Still confused about exactly what happened at the UM System Board of Curators meeting last week? That’s OK, so are all of the sports reporters (just kidding, though all the important news was reserved for us higher education writers).
Last week was a regularly scheduled board meeting that once again got the sports spotlight treatment, even though meeting included so much more than conference realignment.
The board met behind closed doors Wednesday and Thursday night to discuss the presidential search and again all afternoon Thursday to cover a ton of information points and action items. The board voted to approve a much-debated retirement plan, renovations to the MU campus and a new athletic training degree program.
In the end though, everything was overshadowed by the press conference Friday. Board Chairman Warren Erdman made two announcements — first, that the board would produce a group of system presidential finalists to their advisory committee (the hot news I was there to cover), and second that the board had chosen to give Deaton all the power he needs to change MU’s conference affiliation.
I know and understand (both as a reporter and a fan) that the sports story is unbelievably big deal, but the way the conference realignment announcements have overshadowed the other vitally important things the curators are doing is a little frustrating.
Nonetheless, I had a great time reporting the meetings and spending time with education and sports reporters alike.
Much like the Oct. 4 curators meeting in St. Louis, I split my time reporting and live-tweeting the meetings, this time with a mix of personal and Missourian twitter accounts.
I felt much more comfortable operating CoTweet to publish tweets from the Missourian’s Twitter accounts, and published 19 tweets over the course of three days (plus many more from my personal account). Nine of those came as general updates about the curators meetings from @CoMissourian, and another 10 from @CoMoSports during Friday’s press conference.

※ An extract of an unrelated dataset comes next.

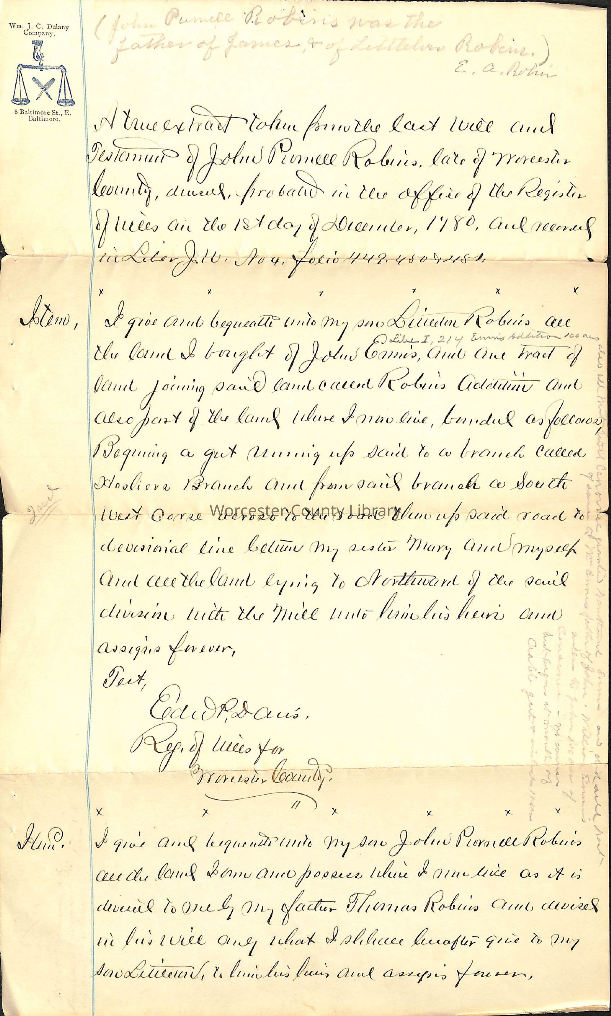 Will Excerpt, John Purnell Robins, 1780Entry/Object ID

To keep things flowing over the multiday meetings we chose to tie together all the tweets relating to the curators with the hashtag: #umcurators. That way folks who were genuinely following along could search the hashtag to find all of the relevant tweets and see the chronology of the meetings.

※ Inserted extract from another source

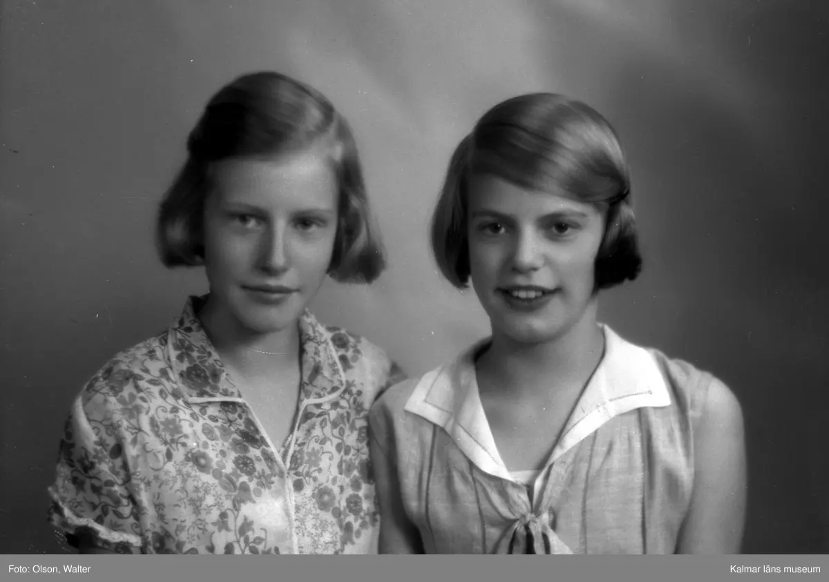 Ateljébild på två flickor. Enligt Walter Olsons journal är bilden beställd av friherrinnan Anna Rappe ifrån Strömsrum.

Plus the content of what I was tweeting was infinitely more effective than the last time I live-tweeted the curators, and the number of retweets proves that people found the information valuable. Although I would have loved to see more engagement with @CoMissourian during the meetings, perhaps the folks most interested — and that have the most questions or concerns — about the retirement plan aren’t exactly of the Twitter generation (which is admittedly an unfair assumption, because there are lots of older adults on Twitter and lots of younger folks concerned about retirement plans).
Regardless, the week was full of steps forward: for my tweeting skills, for the presidential search, and for (apparently) the future of MU’s conference affiliation.